NEW YORK CITY — A duo of city officials are raising red flags about Board of Elections failures following troubling reports of problems at the polls on Thursday.
City Councilman Jumaane Williams and Public Advocate Bill de Blasio said they were distressed by a flurry of complaints from voters during Thursday's state legislative primaries, stemming mainly from voter confusion over poll site changes after district lines were redrawn earlier this year.
“What I witnessed at the polls today was simply the worst example of voter disenfranchisement I have personally seen,” said Williams, who spent the evening at Tilden High School and P.S. 269 Nostrand in East Flatbush, Brooklyn.
“Voters, many of them seniors, were streaming out of polling sites screaming, cursing and near tears over the frustration they experienced,” he described, pointing to “countless stories" of voters being told that they were at the wrong polling sites and not informed of their ability to ask for affidavit ballots.
Among those left frustrated was Caitlin Burns, 28, who lives on the border of Inwood and Washington Heights. She said she was forced to travel to three separate polling stations early Thursday morning before eventually casting her ballot in the race between State Sen. Adriano Espaillat and Assemblyman Guillermo Linares.

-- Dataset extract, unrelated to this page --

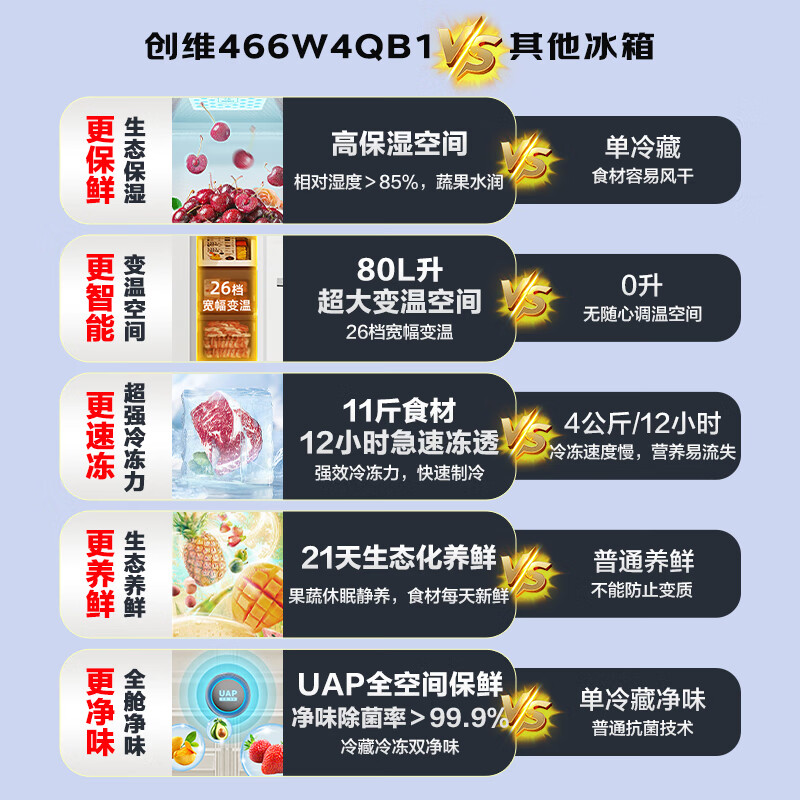 入手对比创维BCD-466W4QB1真实感受评测?真实情况如何?

Burns said that she mistakenly headed to the wrong polling station, a local middle school, after voting there during the Congressional primary back in June, and never receiving any notice her poll site had changed.

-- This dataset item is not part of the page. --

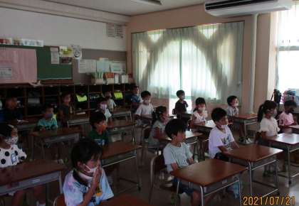 教室で先生方のお話を聞く子供たちの様子です。校歌を歌う様子をクロムブックの「クラスルーム」に貼り付けましたので、ぜひ視聴したり、校歌の練習に活用したりしてください。
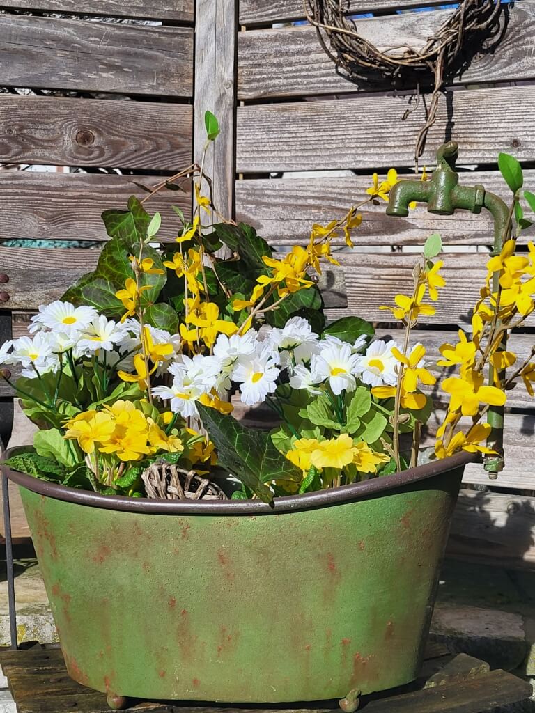 Ein außergewöhliches Pflanzgefäß ist unsere Pflanzwanne mit Wasserhahn in grün.

Staff there referred her to another polling station, a local YWHA, where she was told she wasn’t on the rolls and was referred to yet another location. There, she was informed that she was indeed registered at YWHA, where she was eventually allowed to vote.

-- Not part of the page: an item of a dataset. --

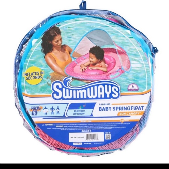 Swimways baby spring float with adjustable sun canopy. Features a pink float with blue accents.
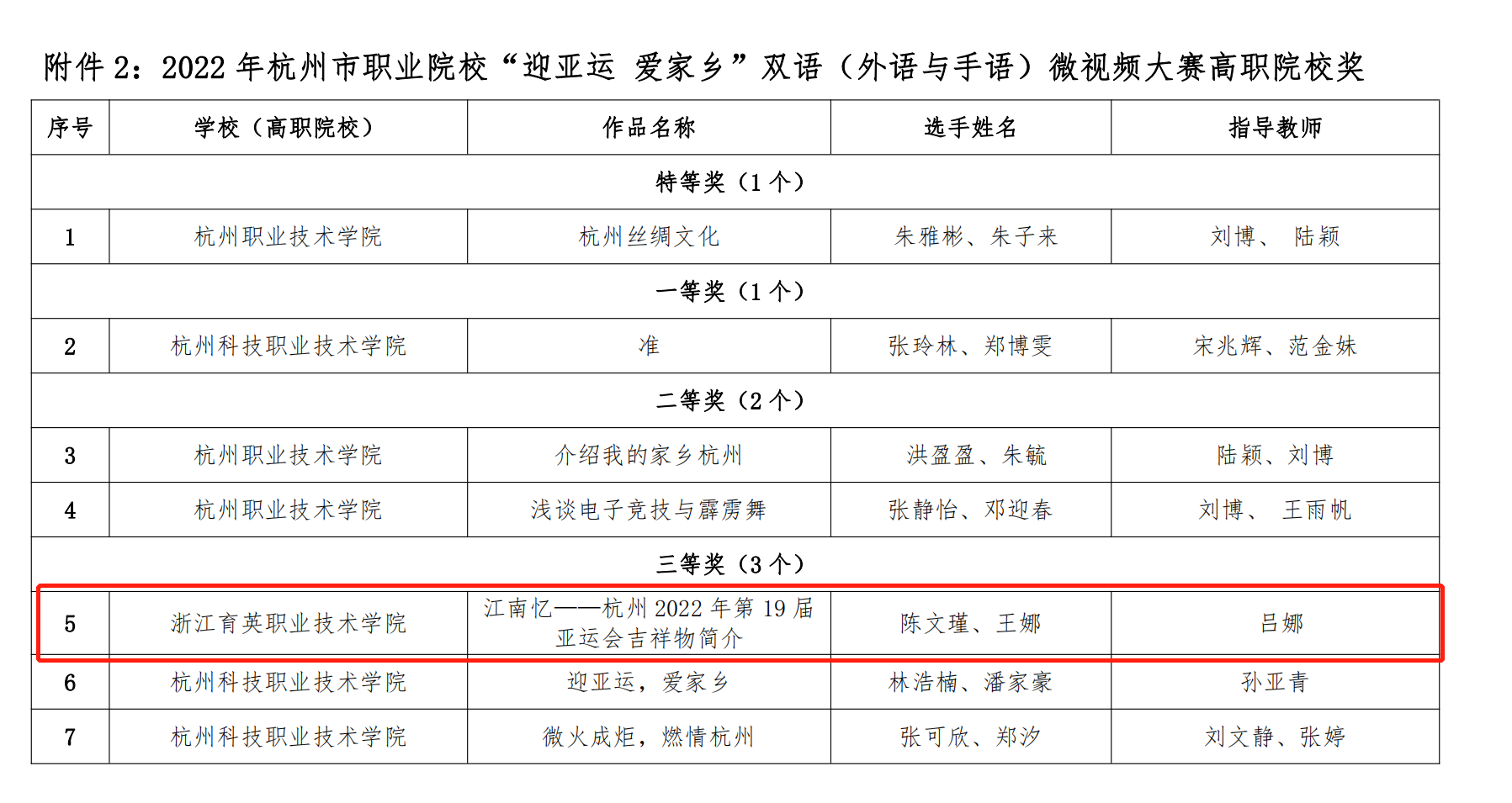 本次比赛由杭州市中华职业教育社举办,以“弘扬亚运精神,讲好杭州故事,展示职教风采”为宗旨,特别要求通过外语和手语来呈现作品。大赛高职院校组设特等奖1项、一等奖1项、二等奖2项、三等奖3项、最佳团队奖4项、优秀指导教师奖6项以及“创意、语言、制作”单项奖9项。两位同学和指导老师克服时间紧,压力大,不会手语等困难,通过自学手语,英文配音,视频剪辑等工作,最终顺利完成作品,并取得了较好的成绩!2023年杭州即将迎来亚运会,通过支持和引导学生广泛参与亚运文化活动和专业竞赛,能让同学们的素质得到全方位发展,更好地提升其文化素质水平。

“It was just hugely frustrating,” said Burns, who added that, had she not been so committed to voting, she likely would have given up.
It was a similar story for Claire Tuck, 33, who lives in Carroll Gardens, Brooklyn. She said she and her husband headed to the School of International Studies to cast their ballots Thursday morning, just as they'd done for the past three years. But this time, they were told their names weren’t on the list. Poll workers directed them to fill affidavit ballots, and insisted there was nothing else they could do.
Instead, the pair called the Board of Election's voter hotline, which told them they were actually supposed to be voting at P.S. 29.
“We were never given any notice of this whatsoever,” Tuck insisted.
“I don’t know how many people who were maybe not as determined as us were actually deterred from voting," she said.
In a letter to the president of the Board of Elections, de Blasio called on the board to immediately address the issues so they're prepared for November’s general election, by making sure all poll site information mailed to voters was up- to-date and accurate. He also called for better poll worker training.
“With November’s Presidential Election looming, much more must be done immediately to prevent widespread confusion that could disenfranchise thousands of New Yorkers," he wrote.
Board of Elections spokeswoman Valerie Vazquez said the board sent poll site notices to all voters in August, as well as updates later if sites had changed.